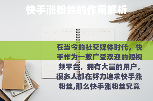 在当今的社交媒体时代,快手作为一款广受欢迎的短视频平台,拥有大量的用户,很多人都在努力追求快手涨粉丝,那么快手涨粉丝究竟有啥作用呢?
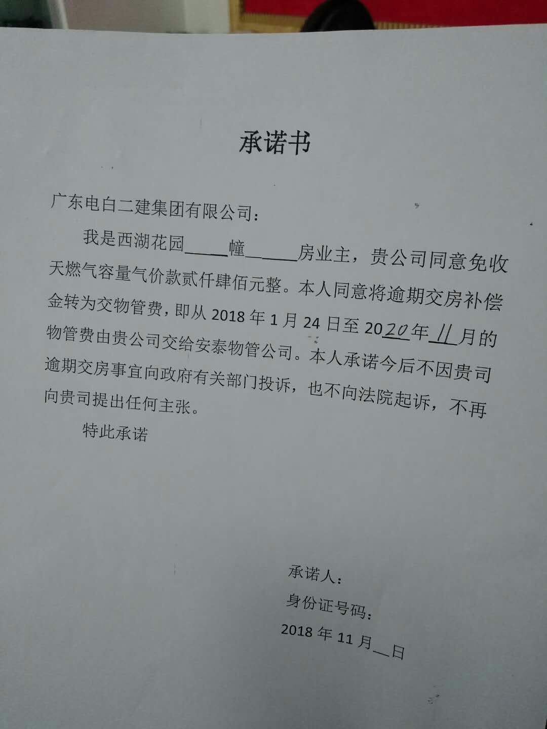 本人在2016年上半年购买由广东电白二建集团有限公司开发的西湖花园商品房,并在当年签署了购房合同并在电白区房管局网签,合同约定在2017年6月30日前交房,时至今日都没有收到开发商正式收房通知书,开发商已经逾期违约了1年多,现在去小区观看目前出现了有些业主入住,听到一些入住业主讲到,当年购房合同签约物业管理公司有更换,电梯由西门子变成所谓的西德西门子,小区配套地下停车位强卖,如果不在开发商处花高价16万人民币购,将无处停放车辆。管道天然气收费2400元1户,电白发改委曾发出通知,商品房售价包含了天然气管道的费用,现在开发商单面收取,投诉到政府部门没没得到处理,
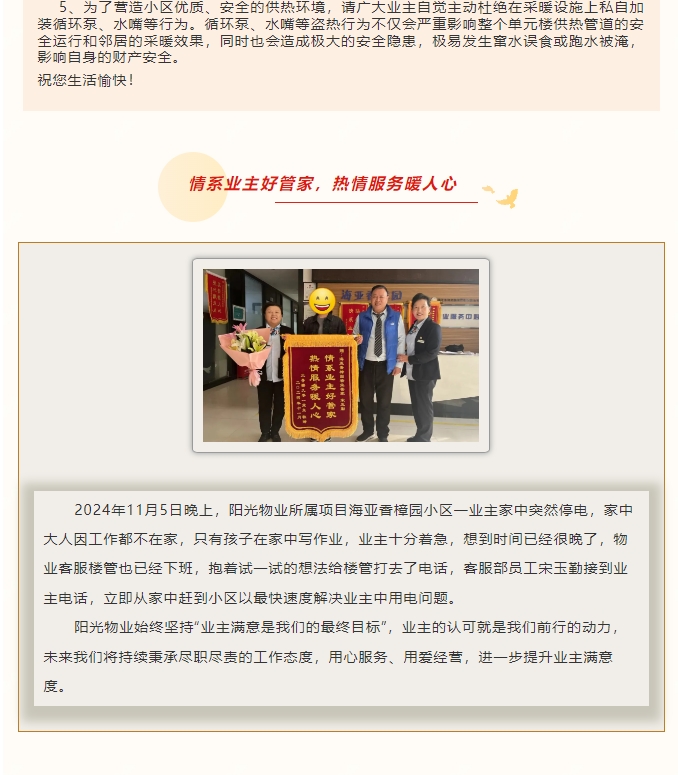陽(yáng)光服務(wù)|陽(yáng)光物業(yè)11月份服務(wù)月報(bào)
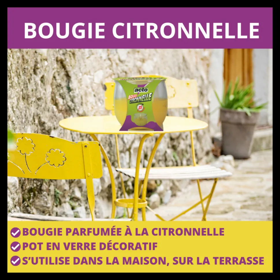 Au c艙ur de nos foyers et de nos soirées en plein air, il existe un élément qui allie fonctionnalité et esthétique avec une subtilité sans pareille : la bougie. Mais pas n’importe quelle bougie 鈥éable, conçue pour enrichir vos moments de détente.Description et Caractéristiques Ces bougies ne sont pas de simples sources de lumière. Elles sont infusées d’un parfum de citronnelle de synthèse, choisie pour sa qualité et son efficacité. Leur couleur, intégrée directement dans la cire, ajoute une dimension visuelle attrayante. Lorsqu’elles brûlent, ces bougies diffusent une senteur de citronnelle persistante, transformant votre espace en un havre de paix, à l’abri des nuisances habituelles des soirées estivales.Utilisation Polyvalente L’aspect le plus remarquable des bougies ACTO Citronnelle réside dans leur polyvalence. Conçues pour être utilisées aussi bien à l’intérieur qu’à l’extérieur, elles s’adaptent parfaitement à tout environnement. Que ce soit pour une soirée intime dans le salon ou un dîner sur la terrasse, ces bougies ajoutent une ambiance chaleureuse et accueillante.Précautions et Sécurité La sécurité est primordiale. Il est essentiel de ne jamais déplacer ou toucher la bougie lorsqu’elle est allumée. Suivre les instructions est crucial pour prévenir tout risque d’incendie ou de blessure. De plus, certaines précautions doivent être prises pour les personnes sensibles, car ces bougies contiennent du citral, pouvant causer des réactions allergiques.Conclusion En résumé, les bougies ACTO Citronnelle sont bien plus qu’une source de lumière. Elles sont un élément essentiel pour créer une ambiance sereine et agréable, tout en étant un choix pratique pour les soirées en extérieur. Avec une combustion de longue durée et une senteur apaisante, elles sont un choix incontournable pour quiconque souhaite allier esthétique, fonctionnalité et sécurité.
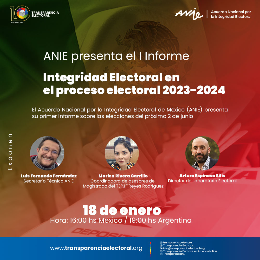 De cara a las Elecciones Generales que se celebraran en México el próximo 2 de junio, Transparencia Electoral te invita a la presentación del primer informe del Acuerdo Nacional por la Integridad Electoral de México (ANIE) sobre los comicios de este año.
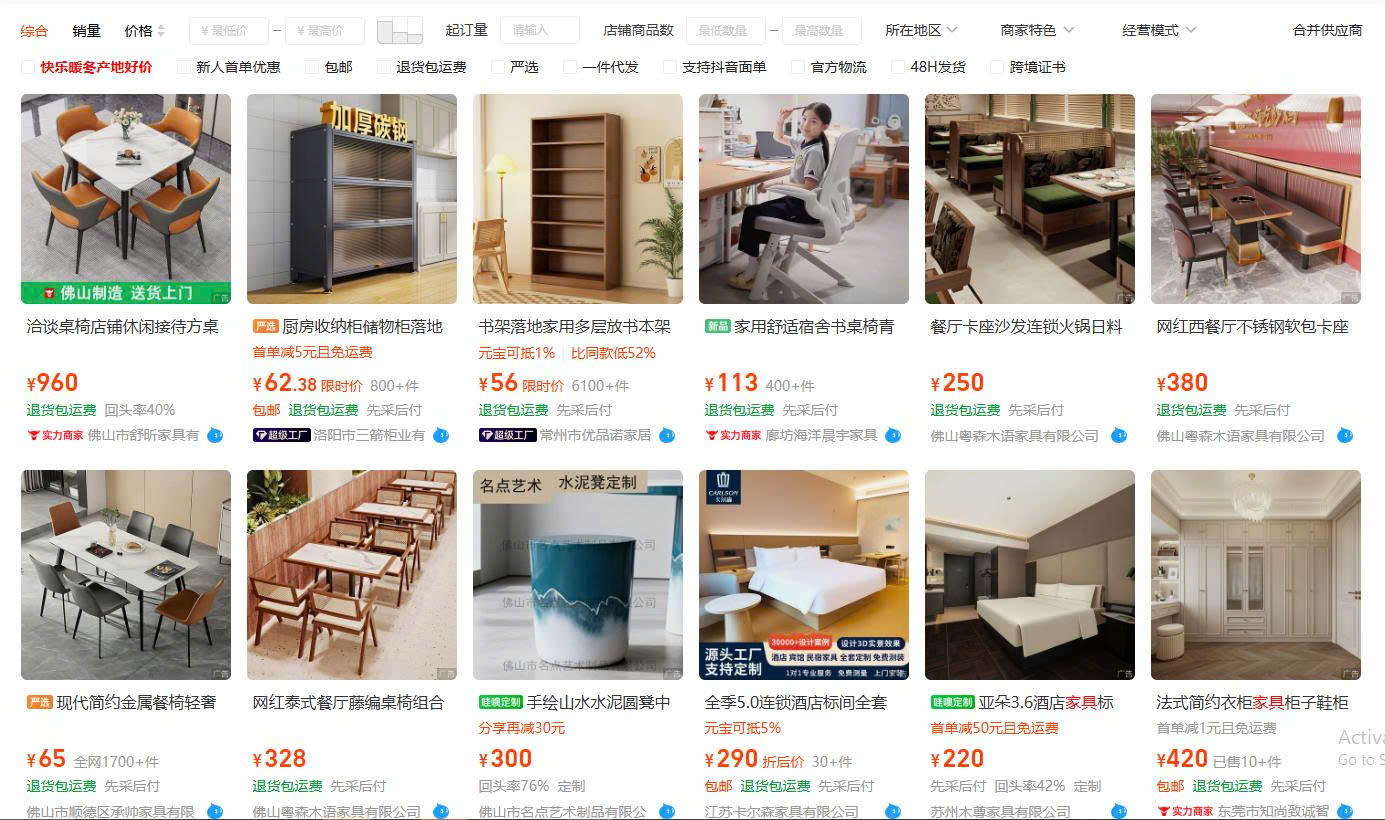 Về bản chất, bạn đang dùng các sàn thương mại điện tử như bản đồ thị trường nội thất Trung Quốc:
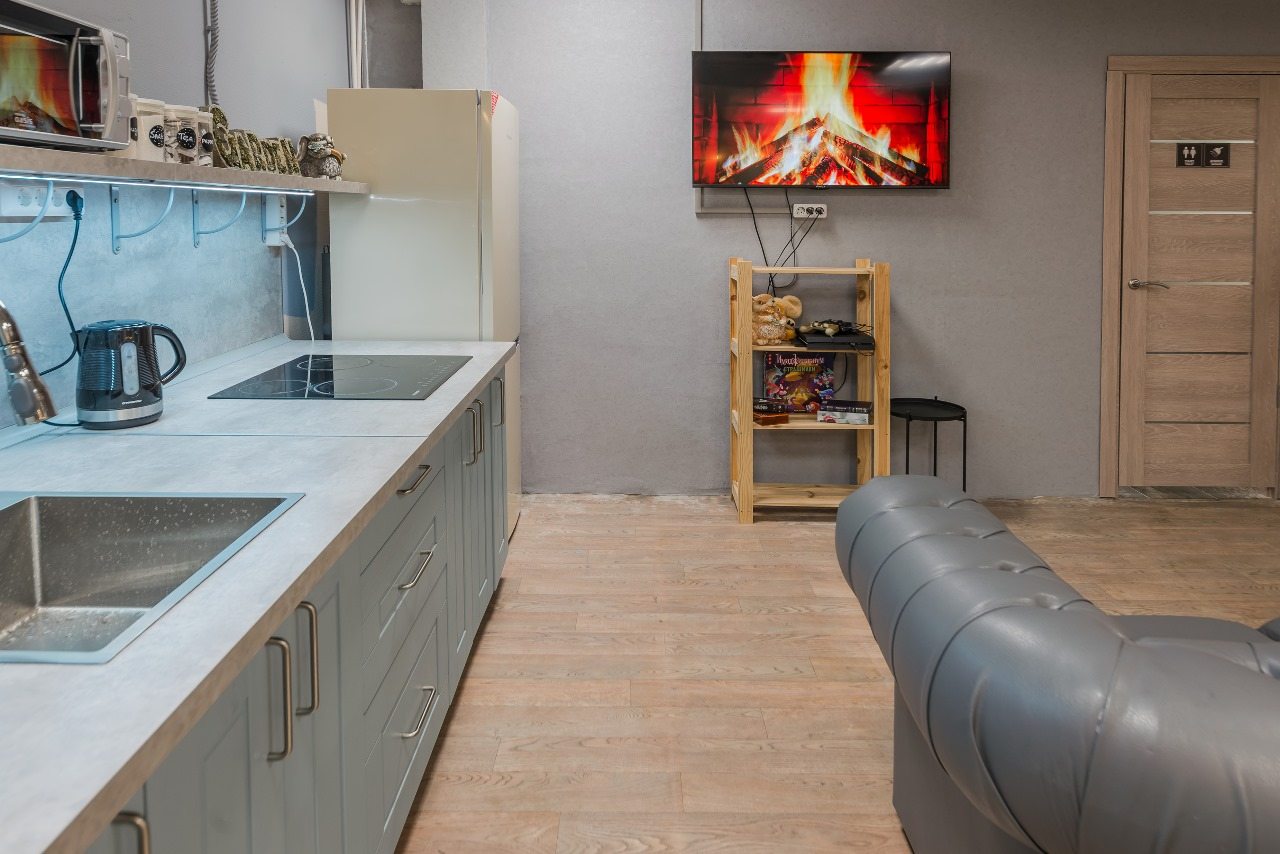 Для вашего Комфорта мы предусмотрели: кухню со всей необходимой техникой (сенсорная варочная панель, холодильник 2 шт, микроволновка 2 шт, электрический чайник, фильтр для воды).

§ §

_YOUR GOAL:_ In the answer, the lines from the one containing "De cara a las" to the end of the records above must be written out exactly, both ends included; the pictures must not appear.

_RESULT:_
 De cara a las Elecciones Generales que se celebraran en México el próximo 2 de junio, Transparencia Electoral te invita a la presentación del primer informe del Acuerdo Nacional por la Integridad Electoral de México (ANIE) sobre los comicios de este año.
 Về bản chất, bạn đang dùng các sàn thương mại điện tử như bản đồ thị trường nội thất Trung Quốc:
 Для вашего Комфорта мы предусмотрели: кухню со всей необходимой техникой (сенсорная варочная панель, холодильник 2 шт, микроволновка 2 шт, электрический чайник, фильтр для воды).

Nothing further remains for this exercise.